## Information shown
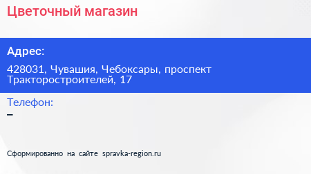 Цветочный магазин по адресу 428031, Чувашия, Чебоксары, проспект Тракторостроителей, 17 в дальнейшем Организация, размещена в следующих категориях:
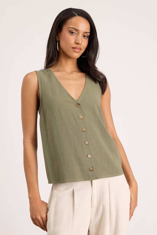 Promising review: "I knew going into this that it is pretty cropped, so I pair it with high-waisted jeans. It fits perfectly! Buttons don't pull over my chest, which I hate. Fabric doesn't feel cheap. Want to buy in other colors!" —Maki P.
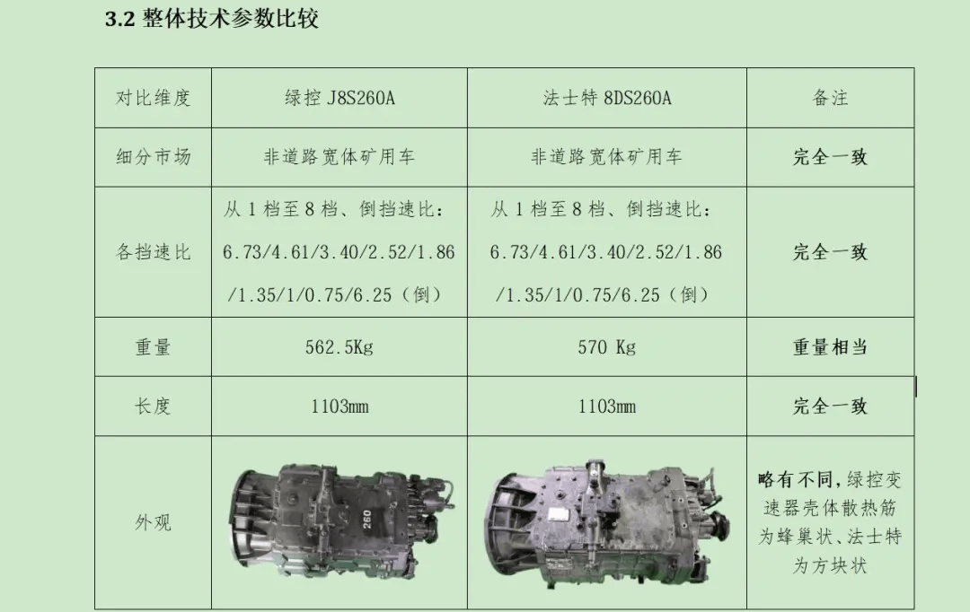 纠纷的核心指向了绿控传动型号为J8S260A的变速器总成。
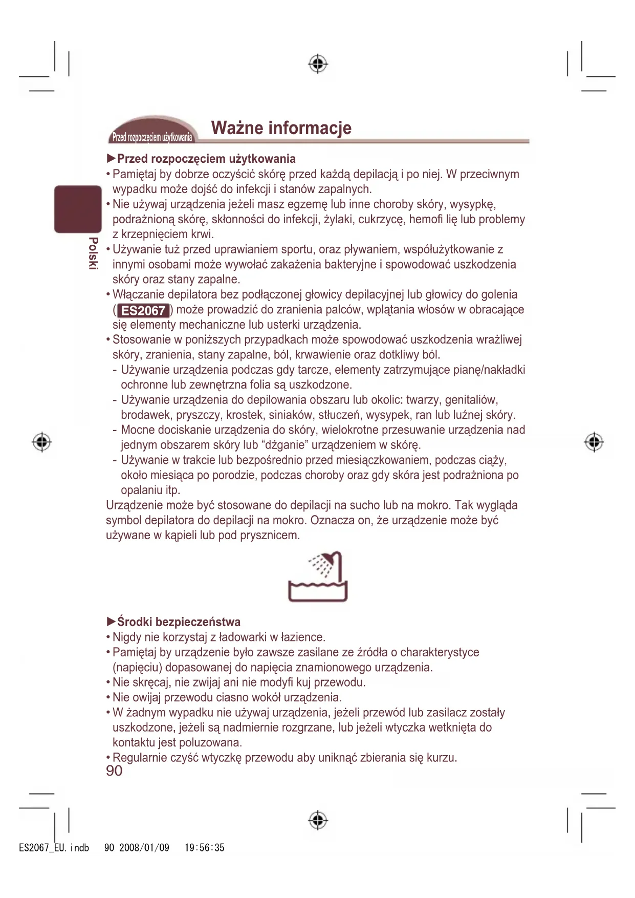 ES2067 ) może prowadzić do zranienia palców, wplątania włosów w obracające się elementy mechaniczne lub usterki urządzenia. Stosowanie w poniższych przypadkach może spowodować uszkodzenia wrażliwej skóry, zranienia, stany zapalne, ból, krwawienie oraz dotkliwy ból. Używanie urządzenia podczas gdy tarcze, elementy zatrzymujące pianę/nakładki ochronne lub zewnętrzna folia są uszkodzone. Używanie urządzenia do depilowania obszaru lub okolic: twarzy, genitaliów, brodawek, pryszczy, krostek, siniaków, stłuczeń, wysypek, ran lub luźnej skóry. Mocne dociskanie urządzenia do skóry, wielokrotne przesuwanie urządzenia nad jednym obszarem skóry lub “dźganie” urządzeniem w skórę. Używanie w trakcie lub bezpośrednio przed miesiączkowaniem, podczas ciąży, około miesiąca po porodzie, podczas choroby oraz gdy skóra jest podrażniona po opalaniu itp. Urządzenie może być stosowane do depilacji na sucho lub na mokro. Tak wygląda symbol depilatora do depilacji na mokro. Oznacza on, że urządzenie może być używane w kąpieli lub pod prysznicem. Środki bezpieczeństwa Nigdy nie korzystaj z ładowarki w łazience. Pamiętaj by urządzenie było zawsze zasilane ze źródła o charakterystyce (napięciu) dopasowanej do napięcia znamionowego urządzenia. Nie skręcaj, nie zwijaj ani nie modyfi kuj przewodu. Nie owijaj przewodu ciasno wokół urządzenia. W żadnym wypadku nie używaj urządzenia, jeżeli przewód lub zasilacz zostały uszkodzone, jeżeli są nadmiernie rozgrzane, lub jeżeli wtyczka wetknięta do kontaktu jest poluzowana. Regularnie czyść wtyczkę przewodu aby uniknąć zbierania się kurzu.

## About this task
Copy out exactly, with no pictures, the lines of the data from the first one through the line bearing "纠纷的核心指向了绿控传动型号为J8S260A的变速器总成。".

## Solution
 Цветочный магазин по адресу 428031, Чувашия, Чебоксары, проспект Тракторостроителей, 17 в дальнейшем Организация, размещена в следующих категориях:
 Promising review: "I knew going into this that it is pretty cropped, so I pair it with high-waisted jeans. It fits perfectly! Buttons don't pull over my chest, which I hate. Fabric doesn't feel cheap. Want to buy in other colors!" —Maki P.
 纠纷的核心指向了绿控传动型号为J8S260A的变速器总成。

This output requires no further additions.